Fabio Liberatori, la musique de Verdone… et de Stadio (interview)

Fabio Liberatoria Et Carlo Verdonun mariage réussi et durablea commencé avec la musique du film Poudre de talc (en 1982) et que a produit 14 bandes sonores jusqu’à présent – certains d’entre eux gagnants de Nastri d’Argento et David di Donatello – à tel point que la version complète de la bande originale du film sort pour la première fois (sur vinyle et disque compact, par Beat Records) Eau et savon (1983), un autre film culte que les fans de Carlo Verdone et du cinéma italien ne devraient pas manquer.

Gagnants du Prix ​​de la bande originale des critiques de cinéma, la belle musique de Eau et savonjusqu’à présent seulement partiellement disponibles dans une collection, sont enfin publié dans une édition entièrement consacrée à cette BO à fort caractère électronique, un son que Fabio Liberatori écarte nonchalamment dans une succession d’ambiances ciselées dans le scénario.

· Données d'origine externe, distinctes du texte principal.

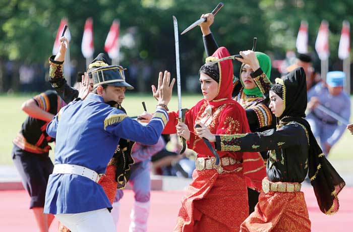 Tarian tradisi termasuk tari kreasi bertema perang melawan penjajah menghentak berbagai penjuru Aceh ketika peringatan HUT ke-70 RI, kemarin. Di Lapangan Persada Blangpidie, Aceh Barat Daya, sebelum upacara ditampilkan drama Teungku Peukan pahlawan dari Manggeng ketika menyerang tangsi yang ditempati penjajah Belanda di Blangpidie.

Une partition qui a longtemps mérité une édition qui lui rendrait un digne hommage, désormais également disponible en édition de luxe, avec un vinyle coloré, blanc et rose, divisé en deux, 180 grammes avec le beau dessin sur la couverture réalisé par Renato Casaro pour l’affiche de l’époque, avec les visages des deux protagonistes, Carlo Verdone et Natasha Hovey.

Mais avant d’en venir à la collaboration avec Carlo Verdone, Fabio Liberatori était l’un des membres du groupe de Lucio Dallacavec qui il a enregistré Le dioxyde de soufreQuelle est la profondeur de la mer ? Et 1983qui a également participé à la tournée historique de Banana Republic, qui a réuni Dalla et De Gregori sur la même scène.
C’est précisément à partir de cette expérience que Phasedont Liberatori est l’un des membres fondateurs, avec Gaetano Curreri, Giovanni Pezzoli, Marco Nanni et Ricky Portera.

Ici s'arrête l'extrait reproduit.